16/10/05 23:55:13 WARN spark.SparkContext: Use an existing SparkContext,
some configuration may not take effect.
Spark context Web UI available at http://***:4040
Spark context available as 'sc' (master = yarn, app id =
application_1471212701720_1580).
Spark session available as 'spark'.
Welcome to
      ____              __
     / __/__  ___ _____/ /__
    _\ \/ _ \/ _ `/ __/  '_/
   /___/ .__/\_,_/_/ /_/\_\   version 2.0.1
      /_/

Using Scala version 2.11.8 (Java HotSpot(TM) 64-Bit Server VM, Java
1.7.0_75)
Type in expressions to have them evaluated.
Type :help for more information.

scala> import spark.implicits._
import spark.implicits._

scala> val x = List(1,2,3).toDS
org.apache.spark.SparkException: Unable to create database default as
failed to create its directory hdfs://dev/home/koert/spark-warehouse
  at
org.apache.spark.sql.catalyst.catalog.InMemoryCatalog.liftedTree1$1(InMemoryCatalog.scala:114)
  at
org.apache.spark.sql.catalyst.catalog.InMemoryCatalog.createDatabase(InMemoryCatalog.scala:108)
  at
org.apache.spark.sql.catalyst.catalog.SessionCatalog.createDatabase(SessionCatalog.scala:147)
  at
org.apache.spark.sql.catalyst.catalog.SessionCatalog.<init>(SessionCatalog.scala:89)
  at
org.apache.spark.sql.internal.SessionState.catalog$lzycompute(SessionState.scala:95)
  at
org.apache.spark.sql.internal.SessionState.catalog(SessionState.scala:95)
  at
org.apache.spark.sql.internal.SessionState$$anon$1.<init>(SessionState.scala:112)
  at
org.apache.spark.sql.internal.SessionState.analyzer$lzycompute(SessionState.scala:112)
  at
org.apache.spark.sql.internal.SessionState.analyzer(SessionState.scala:111)
  at
org.apache.spark.sql.execution.QueryExecution.assertAnalyzed(QueryExecution.scala:49)
  at org.apache.spark.sql.Dataset.<init>(Dataset.scala:161)
  at org.apache.spark.sql.Dataset.<init>(Dataset.scala:167)
  at org.apache.spark.sql.Dataset$.apply(Dataset.scala:59)
  at org.apache.spark.sql.SparkSession.createDataset(SparkSession.scala:423)
  at org.apache.spark.sql.SQLContext.createDataset(SQLContext.scala:380)
  at
org.apache.spark.sql.SQLImplicits.localSeqToDatasetHolder(SQLImplicits.scala:171)
  ... 50 elided

this did not happen in spark 2.0.0
the location it is trying to access makes little sense, since it is going
to hdfs but then it is looking for my local home directory (/home/koert
exists locally but not on hdfs).

i suspect the issue is SPARK-15899, but i am not sure. in the pullreq for
that WAREHOUSE_PATH got changed:
   val WAREHOUSE_PATH = SQLConfigBuilder("spark.sql.warehouse.dir")
   val WAREHOUSE_PATH = SQLConfigBuilder("spark.sql.warehouse.dir")
     .doc("The default location for managed databases and tables.")
     .doc("The default location for managed databases and tables.")
     .stringConf
 -    .createWithDefault("file:${system:user.dir}/spark-warehouse")
 +    .createWithDefault("${system:user.dir}/spark-warehouse")
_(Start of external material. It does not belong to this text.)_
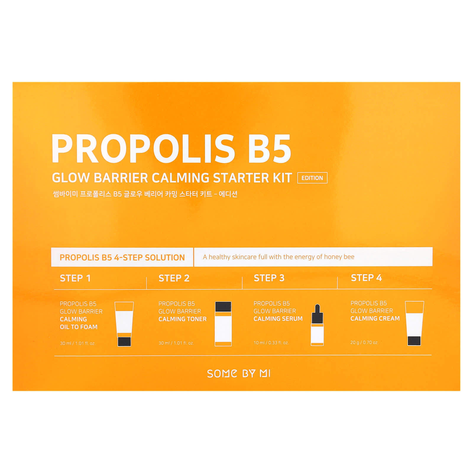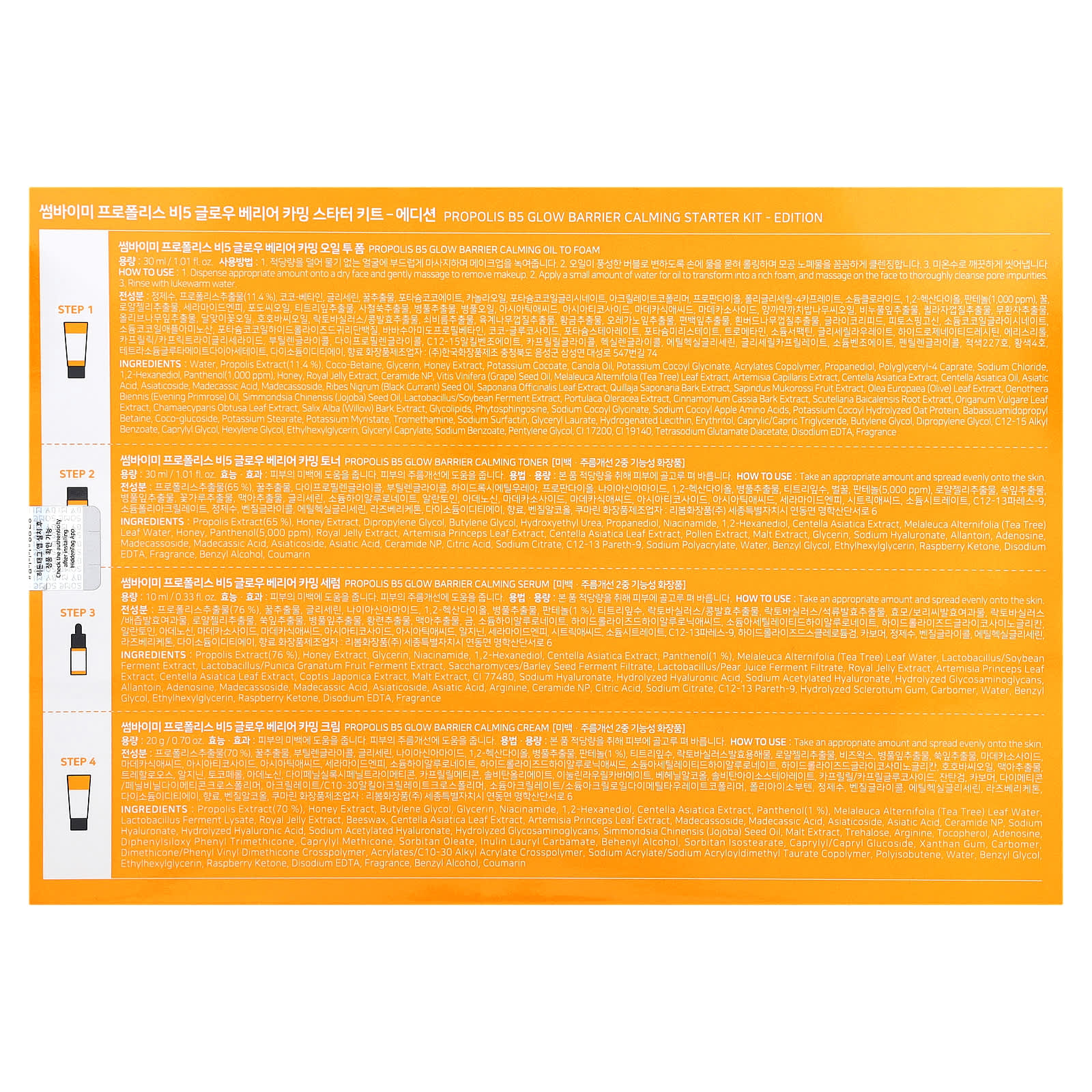 Вода, экстракт прополиса (11,4%), коко-бетаин, глицерин, экстракт меда, кокоат калия, рапсовое масло, кокоил глицинат калия, сополимер акрилатов, пропандиол, полиглицерил-4 капрат, хлорид натрия, 1,2-гександиол, пантенол (1000 част. / млн), мед, экстракт маточного молочка, керамид NP, масло из виноградных косточек (Vitis vinifera), экстракт листьев чайного дерева (Melaleuca alternifolia), экстракт полыни (Artemisia capillaris), экстракт готу колы (Centella asiatica), масло центеллы азиатской, азиатиковая кислота, азиатикозид, мадекассовая кислота, масло семян черной смородины (Madecassoside Ribes nigrum), экстракт листьев мыльнянки лекарственной (Saponaria officinalis), экстракт коры килайи сапонарии (Quillaja saponaria), экстракт плодов мыльного дерева (Sapindus mukorossi), экстракт листьев оливкового дерева (Оlea europaea), масло примулы вечерней (Oenothera biennis), масло семян жожоба (Simmondsia chinensis), ферментированный экстракт лактобактерии и соевых бобов, экстракт портулака огородного (Portulaca oleracea), экстракт коры кассии (Cinnamomum cassia), экстракт корня шлемника (Scutellaria baicalensis), экстракт листьев орегано (Origanum vulgare), экстракт листьев кипарисовика туполистного (Chamaecyparis obtusa), экстракт коры ивы (Salix alba), гликолипиды, фитосфингозин, кокоил глицинат натрия, кокоил натрия, яблочные аминокислоты, кокоил калия, гидролизованный белок овса, бабассуамидопропил бетаин, кокоглюкозид, стеарат калия, миристат калия, трометамин, сурфактин натрия, глицерил лаурат, гидрогенизированный лецитин, эритритол, каприловый/каприновый триглицерид, бутиленгликоль, дипропиленгликоль, c12-15 алкил бензоат, каприлилгликоль, гексиленгликоль, этилгексилглицерин, глицерил каприлат, бензоат натрия, пентилен гликоль, CI 17200, CI 19140, диацетат глутамата тетранатрия, двунатриевая ЭДТК, отдушка.

notice how the file: got removed from the url, causing spark to look on
hdfs now since it is my default filesystem on the cluster. but
system:user.dir is still a local home directory. when combining the two you
get something that doesn't exist.

Re: spark 2.0.1 upgrade breaks on WAREHOUSE_PATH

Posted by Koert Kuipers <ko...@tresata.com>.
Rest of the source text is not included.